"You can no longer count on the successors of Jesse Owens to join in a fun-and-games fête propagandized as the epitome of equal rights so long as we are refused those rights in a white society."
-- Harry Edwards, 1968

An attempted boycott, by African-American athletes, of the 1968 Mexico City Summer Olympic Games; a protest organized by sociologist Harry Edwards, a former football player who (as a teacher) had led a successful athletes' boycott of a San Jose State University football game. The Olympic boycott was meant to protest apartheid, in the US and South Africa, and the smaller-scale racism in American sport; it never really materialized in full, but two members of that protest - Tommie Smith and John Carlos, medalists (gold and bronze, respectively), in the 200 meters, and former student activists at San Jose State - became famous for their Black Power salute during the playing of "The Star-Spangled Banner". They were wearing white Olympic Project buttons on their warmup suits. Both sprinters were suspended and sent packing by the United States Olympic Committee for their actions.

Peter Norman, a white Australian athlete and the silver medalist in the 200, also wore an OPHR button, in solidarity. Many black athletes were against any sort of protest, which is the main reason why there was no boycott; some wore black armbands and/or the white buttons.

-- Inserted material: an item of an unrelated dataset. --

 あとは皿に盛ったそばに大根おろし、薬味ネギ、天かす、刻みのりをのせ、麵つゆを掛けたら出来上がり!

Even though politics, in the form of, for example, flag-waving or the old "Commies versus Good Guys" rivalry (still in full effect at the time), had been long a part of the modern-day Olympics, the OPHR weren't especially welcome, either by the International Olympic Committee, led at the time by right-wing, flag-waving American Avery Brundage, or by the USOC. The OPHR failed to get with the program. Nowadays, with the Cold War over, all that's left is some apolitical, good-time flag-waving, plus logo-waving, by human billboards for Nike and Adidas, et al, and by Olympic sponsors like Coca-Cola, Visa, and Kodak. Australian runner Cathy Freeman's efforts on behalf of aboriginal rights seem like an anachronism; she was even warned by the IOC, at the 1996 Atlanta games, not to carry an Aboriginal flag, should she take the traditional victory lap after winning a gold medal.

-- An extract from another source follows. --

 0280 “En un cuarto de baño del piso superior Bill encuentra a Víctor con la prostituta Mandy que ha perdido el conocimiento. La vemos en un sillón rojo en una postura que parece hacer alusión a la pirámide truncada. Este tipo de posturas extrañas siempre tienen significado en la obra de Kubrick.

The only rights one is allowed to discuss now are television rights.

The OPHR included prominent blacks, athletes and non-athletes, from a wide variety of political/apolitical viewpoints, people like H. Rap Brown, Stokely Carmichael, Dr. Martin Luther King, Jr. (felled by an assassin's bullet, months before the start of the Mexico City games), college basketball star Lew Alcindor, who ended up, along with some UCLA teammates, boycotting anyway, Floyd McKissick, Jackie Robinson, and Muhammad Ali.

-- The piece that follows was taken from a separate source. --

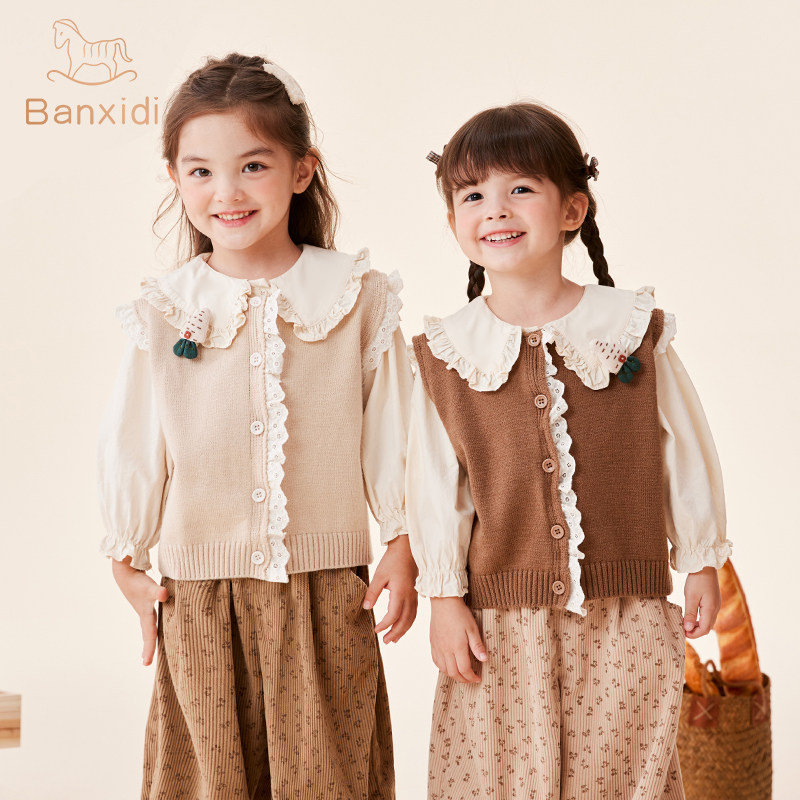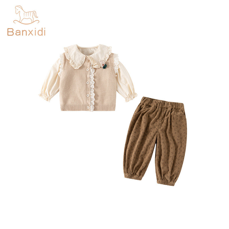 班喜迪女童春装套装2026新款洋气宝宝毛衣马甲童装春秋季儿童衣服

"My raised right hand stood for the power in black America. Carlos' raised left hand stood for the unity of black America. Together they formed an arch of unity and power. The black scarf around my neck stood for black pride. The black socks with no shoes stood for black poverty in racist America. The totality of our effort was the beginning of black dignity."
-- Tommie Smith, 1974

Actually, they couldn't find a second pair of black gloves; the notion to hold the clenched-fist protest on the victory stand came right before the 200-meter final. It wasn't quite the premeditated catalog of revolutionary symbolism that Smith later claimed for it.

"[T]he Olympic Games as an ideal of brotherhood and world community is passé. The Olympics is so obviously hypocritical that even the Neanderthals watching TV know what they're seeing can't be true. Even Neanderthals know that the Russians stomped the Czechs and that the Jews despise the Arabs and that racists rule the US. So, all of a sudden, the Olympics comes on TV - all this smiling and hand shaking, and even the Neanderthal has to sit up and say, "Hey, what the hell? How can that be? All year I watch nothin' but hate on TV; now they come on with the love! It's gotta be phony. The Olympics gotta be a put-on, man."